I have been homeschooling since 2000. Over the years, we have worked our calendar a variety of ways. In the beginning, I worked an office job, so our dedicated school days were only two to three days a week. To make sure everything was covered, we continued through the summer. However, as the years have passed and things have changed, we’ve discovered that a six-week-on/two-week-off schedule works pretty well. It allows us to have several terms and frequent breaks. It prevents burnout (for the most part!) and includes extended holiday and vacation time. It does mean, of course, that school goes on even during those hundred and four days.

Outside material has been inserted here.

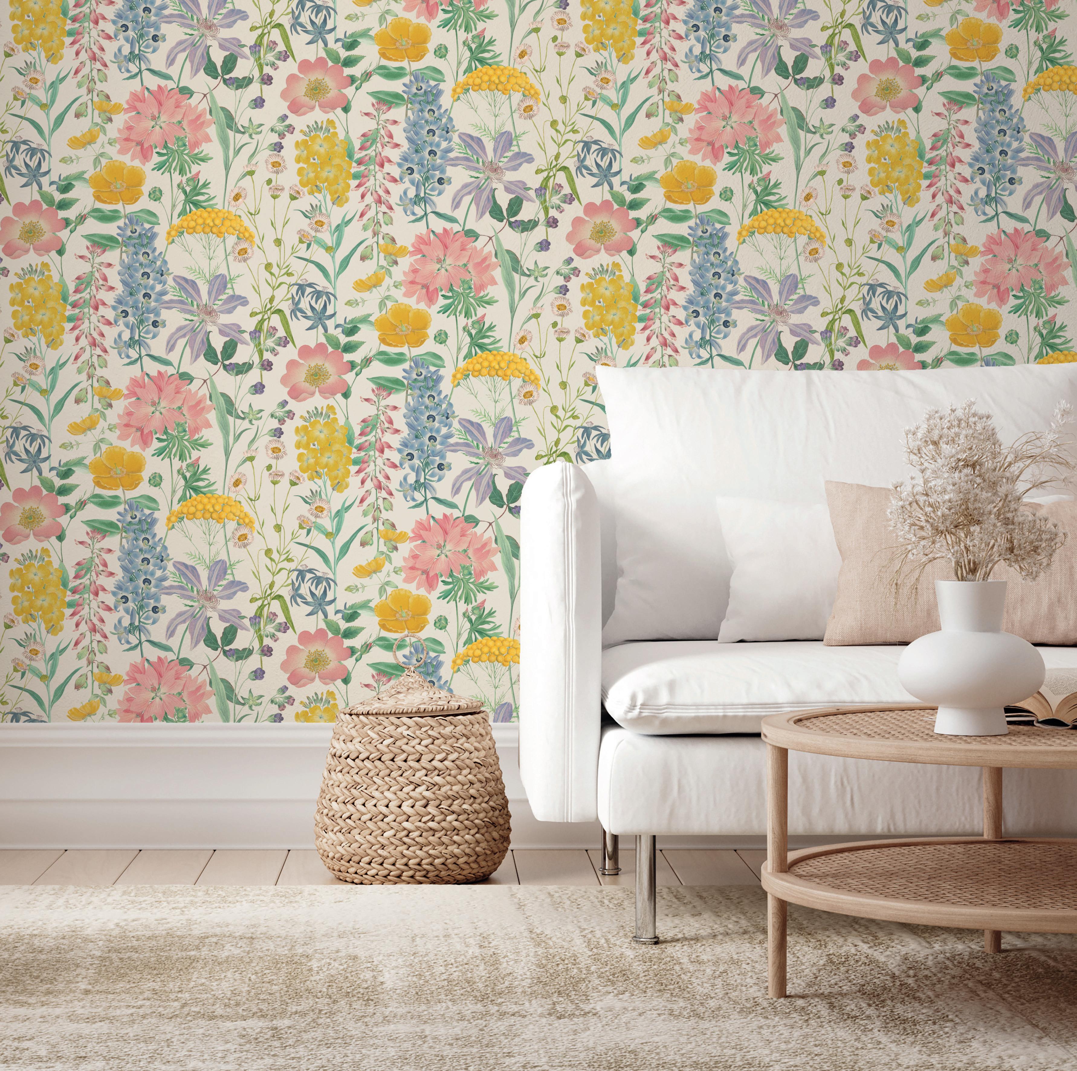 A charming medley of yellow, violet, and pink florals dance across a cream background, accompanied by cheerful daisies and elegant clematis, evoking the essence of a quaint country garden.
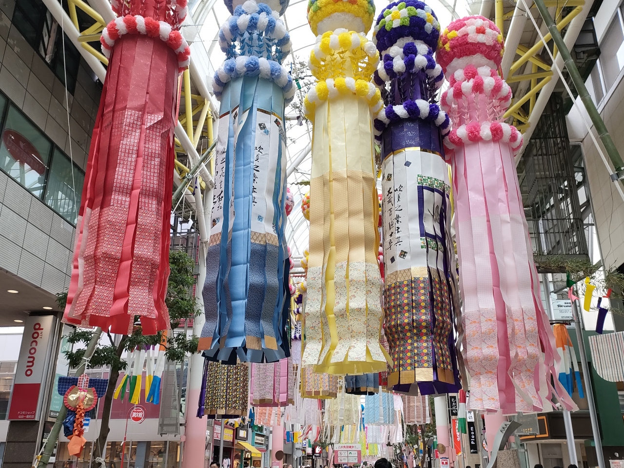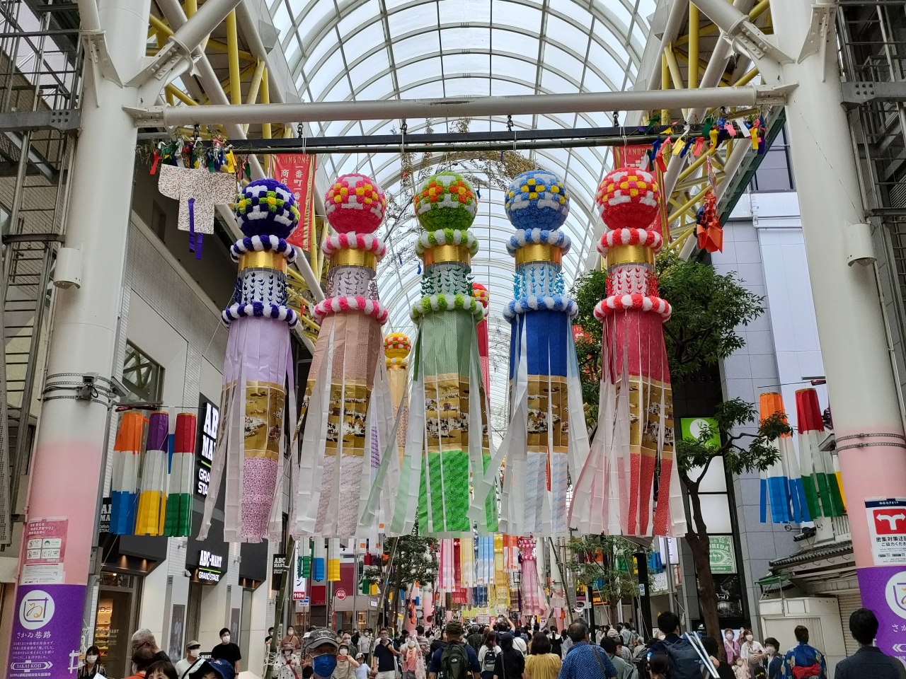 仙台の七夕祭りのメイン会場の一つで、仙台駅からは700mほど離れた商店街です。

Homeschooling during the summer can be a challenge, especially if, like mine, your kids have friends in the public school system—kids who are outside playing, swimming, riding bikes—while your kids are stuck inside doing math and phonics and spelling. I have found some proven ways to prevent distraction and keep my kids focused on their work, even when the warm summer sun is beckoning.

1)      Heed the sun’s summon. Take the classroom outdoors. Younger kids especially enjoy this. Many science projects can be performed outside, like the Mentos-in-cola fountain and up-close insect inspection. You can even turn a day of weeding the garden into a lesson on photosynthesis.
2)      Get an early start. My younger kids are up with the sun. If we get our work started and completed early, they’ll have the rest of the day to play with friends. That’s good incentive to get to work.
3)      Have night school. Pitch a tent in the backyard. Rent or borrow a telescope if you don’t already own one and study the constellations. Remind kids God made those pictures in the sky and has counted all the stars. Listen for nocturnal creatures. See “Hooo” is out in the dark.
4)      Include summer snacks in your curriculum. Make icepops with a variety of juice drinks and experiment with freezing points of various liquids. Make fresh lemonade. Discuss fractions while preparing ingredients. Add baking soda for a bubbly effect. Grind watermelon seeds finely, place in a tea strainer, and steep in boiling water to make tea. Research health benefits of drinking tea as opposed to drinking sodas.
5)      Get out of town! Take a vacation. Now, I don’t mean for you to sit your kids down for textbook work while the rest of you see the sights, but there’s lots to learn wherever you go. Visit a historical landmark. Examine sealife at the beach. Study fossils in a cavern. Believe it or not, kids can even gain understanding of aviation, pyrotechnics, animation, foreign language, and much, much more at Walt Disney World Resort! Be sure to take lots of pictures (as if you wouldn’t) to incorporate into lapbooks and unit studies later on and collect brochures and postcards for research resources.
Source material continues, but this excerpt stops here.